The Commerce Commission has approved Z Energy's takeover of rival petrol retailer Caltex.
The competition regulator said the $785 million deal could go ahead, but Z Energy must divest 19 petrol stations and a truck stop to ensure it did not dominate the fuel market.
It imposed no other conditions, although one of the commissioners raised concerns the takeover would reduce price competition.
Commission chair Mark Berry said there was no evidence to suggest there had been any collusion in the market, which would be an illegal activity.
"We've undertaken extensive analysis of this merger and there's no evidence, that we have from that, that would support or justify us engaging in that kind of investigation."

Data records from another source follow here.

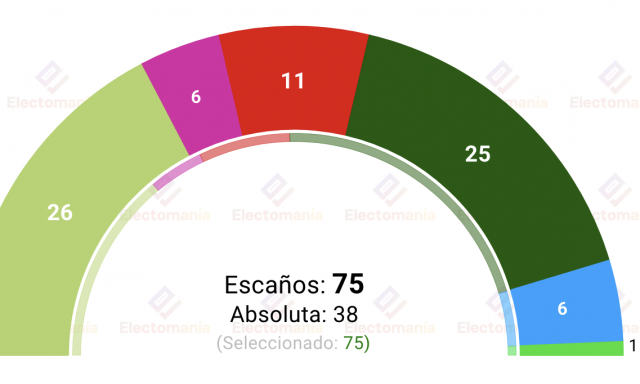 De un total de 75 diputados, la mayoría absoluta se sitúa en 38. Actualmente gobierna el país Vasco una coalición entre PNV (31) y PSOE (10).
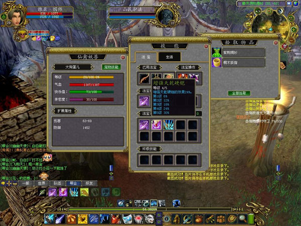 小怪不值一提,打第一个小BOSS猴子的时候也没什么大不了的,慢慢刷,先把前面的小怪引过来杀了再去打它,等自己和猴宝宝的状态全都恢复好的时候,选中CTRL+1让猴宝宝去拍它,然后在慢慢的打它,再给自己的猴宝宝加血就可以了,这个很轻松就过去了。(题外片,上次我34水峨眉试着单刷这个猴怪都惨死在它的爪下,我三无产品,无血、无宠、无装备,就是最普通的一身,去了都不行。技能总是被它打断,恨啊!)
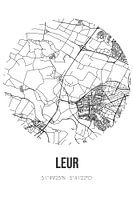 Zwart-witte landkaart, stratenplan of plattegrond van Leur. Leur is gelegen in regio Rivierenland, in de gemeente Wijchen, provincie Gelderland. Op de stadskaart zijn alle openbare wegen in Leur opgenomen. Verder is de kaart voorzien van de coördinaten van het centrum van Leur.
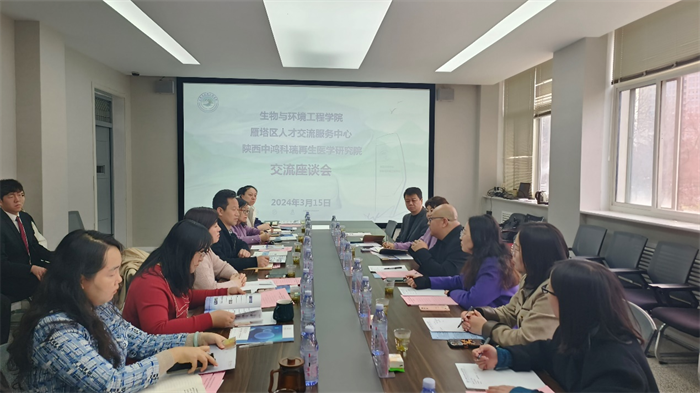 为不断深化校企合作,加强产教融合,有效推进2024届毕业生就业工作,3月15日上午,西安市雁塔区人才交流服务中心主任郭瑛、干部曹磊,陕西中鸿科瑞再生医学研究院总经理明磊国、副总经理王清霞、总经办主任郝希品等一行赴学院开展合作交流座谈活动。生物与环境工程学院党总支书记张九东及领导班子成员、师生代表等共30人参加会议。

Z Energy will have about half of the national retail petrol market as a result of the tie-up.
Chief executive Mike Bennetts said the company would need time to assess the financial implications of selling off the petrol stations and truck stop. But there was interest in the company's assets and it "won't be in a situation where we are a distressed seller, at all".
Mr Bennetts said Caltex would continue to operate as a separate identity, while behind the scenes there would be savings of about $25-$30m from IT efficiencies and cost-cutting.
The deal would be funded by a mix of cash and debt.
Caltex's American owners, Chevron, put its local assets up for sale last year as part of a worldwide plan to sell non-core assets.